– « Le jardin est visage »: une interview d’Éric Chassefière dans le cadre du Festival de poésie de la foi de Montpellier

Je vous rejoins sur cette idée d’une spiritualité matérialiste. Je cherche par les mots à caresser, ma démarche est sensuelle, proche du corps et plus généralement de la substance. Le jardin est corps, le poème est corps. Corps que je fais corps de mots sur la page. Il s’agit bien de toucher par les mots, donner vie du geste de toucher, finalité ultime de celui d’écrire. En cela le geste d’écrire est pour moi fondateur. J’ai écrit, dans un entretien avec Clara Régy, qui date de quelques années :

Il y a donc bien une aspiration à retrouver un paradis perdu, vous avez vu juste, et peut-être ce recueil vient-il précisément concrétiser, voire accomplir, cette aspiration à retrouver une origine, à en faire le berceau d’une vie nouvelle, réunifiée, qui nous place en situation d’accueillir la mort, entrer dans ce jardin, « dont l’ange a refermé les portes sans retour », pour reprendre le final du poème de Bonnefoy placé en exergue.

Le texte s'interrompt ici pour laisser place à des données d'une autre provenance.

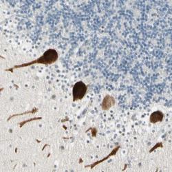 - Immunohistochemical staining of human cerebellum shows strong cytoplasmic positivity in purkinje cells.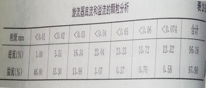 有兩種可供選擇的濃縮工藝,一是耙式濃縮機(jī),一是水力旋流器。對(duì)這兩種濃縮工藝都用模擬設(shè)備進(jìn)行了試驗(yàn),試驗(yàn)結(jié)果如下: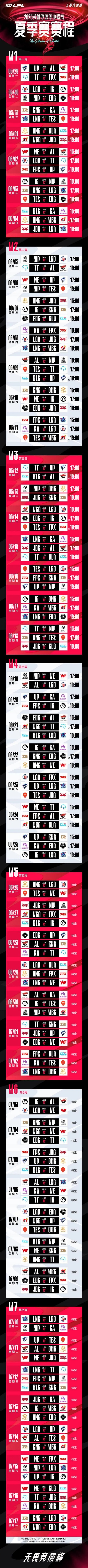 今年LPL夏季赛常规赛于5月29日盛大开幕,7月17日结束。第一周的周一到周四为每天两场BO3,周五到周日则是每天三场BO3。第二周到第四周强度升级:每周只有周一和周二是两场BO3,从周三开始到周日每天都是三场BO3。第五周到第七周强度直接“封顶”——只有周一是两场BO3,从周二到周日每天均为三场BO3。7月17日(周一)为夏季赛常规赛收官日,两场比赛分别是RNG vs LGD和WBG vs EDG。

Pour moi le jardin, c’est avant tout le chant du mistral dans le feuillage des platanes du jardin, au profond de mes nuits d’enfance, c’est en quelque sorte le berceau, le souffle dont je suis né. Donc oui, il est porteur d’une certaine sécurité, je m’y sens bien. Ce lieu est ouvert sur le monde, comme peut l’être l’enfance. À l’horizon du jardin d’enfance, il y a les montagnes des Baux de Provence d’un côté, celles de la Montagnette de l’autre, et je rêve alors souvent, aux portes du jardin s’ouvrant dans la haie, de franchir leurs lignes de crête. Oui, dans ce jardin d’enfance, je rêve d’avenir, il est ouvert sur le monde. En même temps, il y a cette roubine qui délimite la propriété en en faisant le tour, roubine qu’enfant je ne peux franchir en l’absence de pont, et le monde n’est ouvert qu’à mon regard. C’est par le regard que j’investis l’horizon, comme plus tard, revenant chaque été en ce lieu, je l’investirai par les mots, car mon pas sera devenu celui des mots. Lieu de paix, ce jardin d’enfance ? Pas vraiment, lieu chargé des souffrances familiales, dont précisément je m’évade enfant par le regard, puis, adolescent et adulte, par la poésie. Lieu d’envol, lieu du cri fondateur, dont toute ma vie je suivrai l’écho…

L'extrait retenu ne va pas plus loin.